Datacenter Impact Study

research · economics · sustainability · data-science

Datacenter Impact Study

Energy Institute at Haas — Undergraduate Research, 2025–2026

This research project examines how data center construction affects surrounding communities — specifically property values, employment, local tax revenue, and environmental indicators. Working under faculty at Berkeley's Energy Institute at Haas, I assembled and cleaned a multi-source dataset combining DCByte facility data, Business Insider location records, NHGIS/ACS census tract data, and Zillow ZHVI/ZORI housing indices.

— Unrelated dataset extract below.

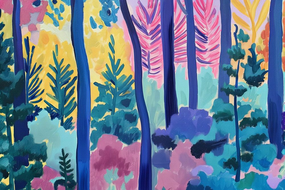 Walk through a forest where spring seems to last forever in 'Enchanted Forest'. The trees, with their cool blue and purple tones, stand out stately against a soft yellow sky, as if every day is a new morning full of possibilities. Watch the flowers in exuberant shades of orange and pink stretch out towards the light, each petal a silent invitation to pause and breathe in the beauty. This work, vibrant with life and colour, is inspired by the fresh, hopeful energy of spring. It brings an air of renewal and cheerfulness, perfect for anyone looking to bring a touch of natural splendour into their home. It is as if, with this painting, you always have a piece of the most beautiful days of the year on your wall.

Tools & Methods: Python (pandas, NumPy, statsmodels, linearmodels) for data cleaning, merging, and econometric analysis. Difference-in-differences estimation using Callaway & Sant'Anna and Sun & Abraham estimators for staggered treatment timing. Matplotlib and seaborn for event-study visualizations. Data sourced and cleaned from NHGIS/ACS (census tract demographics), Zillow (ZHVI/ZORI housing indices), and DCByte/Business Insider (facility locations and capacities). Control group construction required identifying Virginia counties with zero datacenter presence — resolved contamination issues when Fairfax County (45 datacenters) was initially included. Final clean controls: Arlington, Stafford, Spotsylvania, Clarke, Warren, Rappahannock, Orange.

Key Findings: Using January 2021 as a structural break (AI-era acceleration of datacenter construction), early results show a measurable dose-response relationship: Virginia counties ranked by permit intensity show heterogeneous housing price effects. Higher-intensity counties (Loudoun, Prince William) see statistically significant divergence from control counties in post-treatment periods. The research reframes the traditional environmental impact lens into an AI-era economic story.